The pioneer woman star Ree Drummond has changed one of her family favorite recipes to create a new version called Vegetable Pie. This new and delicious main course relies heavily on filling vegetables while keeping a creamy sauce and crispy potato filling. Best of all, almost everything that’s included in creating this delicious dish comes straight from the freezer, so it’s a great last minute main course that is made up without running to the store for last minute ingredients.
This vegetarian creation is also a great Thanksgiving main dish for a friend or family member who would rather not eat turkey.
What is a tot pie?
A pie is like a pie. Except instead of using a pie crust or cookie filling, the mixture is topped with frozen tater tots.
Making a pie crust or cookie filling requires extra work to make the dough, roll or cut it up and place it on top of the filling.
For a little pie, all you need to do is tear up a frozen bag of tater tots and decorate your filling of choice as artfully as possible.
Better yet, a tot pie allows the filling to turn golden brown and ultra crisp, which adds an extra layer of excitement when serving this easy dish featured in Drummond’s new cookbook, The pioneer woman cooks very easily!
How to make the delicious vegetarian filling
The ingredients that make up this delicious main course can be found in your freezer and refrigerator.
These include salted butter, onion, green beans, butternut squash, roasted corn, frozen peas, chili peppers, garlic, cream of mushroom, cream of celery, salt, pepper and frozen tater tots.
Drummond suggests that if you have frozen chopped onions, green beans, and butternut squash, they work wonders in this dish.
However, if you prefer to use fresh vegetables, she doesn’t oppose that either.
This recipe can be modified to make a chicken version of the dish, as seen in the Facebook video above.
The only difference is the addition of a protein.
Easy and Easy Instructions for Veggie Tot Pie
Preheat the oven to 450 degrees.
In a skillet, melt the butter and add the onion. Then add the green beans and butternut squash.
Then add the corn and roasted peas, followed by the chili peppers.
Garlic comes next. Drummond used garlic paste, calling it “wonderfully weird”.
Cook the vegetables for about 10 minutes, stirring often to combine the flavors and to warm the mixture.

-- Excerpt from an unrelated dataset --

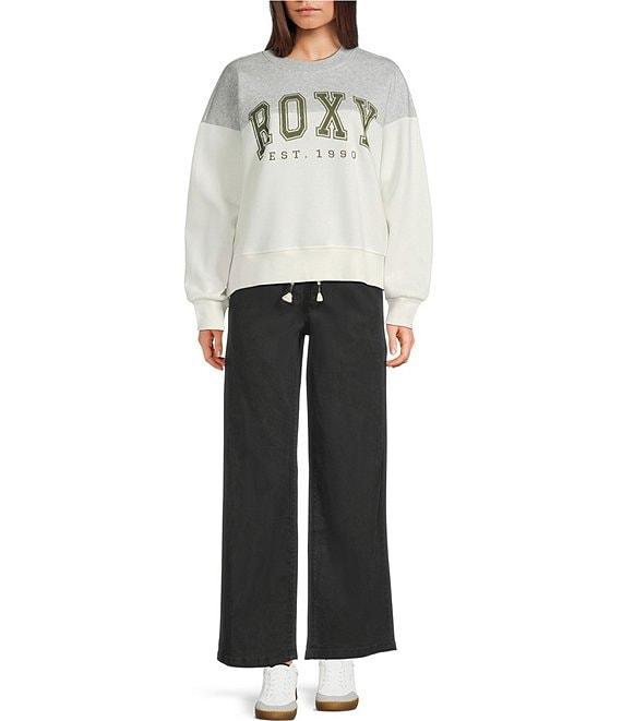 From Roxy, this sweatshirt features: Color block design Round neckline Long sleeves "Roxy" logo graphic on the chest Pullover styling Laid-back styling Cotton/polyester Machine wash/tumble dry Imported.

Cans of mushroom and cream of celery soup are then added, followed by a can of water to dilute the sauce. Allow the mixture to bubble in the pot and add salt and pepper to taste.
If using a Dutch oven, remove the mixture from the heat and transfer.
Otherwise, leave the mixture in the pot. Arrange the frozen tots in a circular pattern, completely covering the sauce.
Bake the vegetable pie until the potatoes are golden and crisp and the edges are bubbling, about 30 minutes.
This recipe is a staple of Drummond’s regular main course rotation, with an added twist.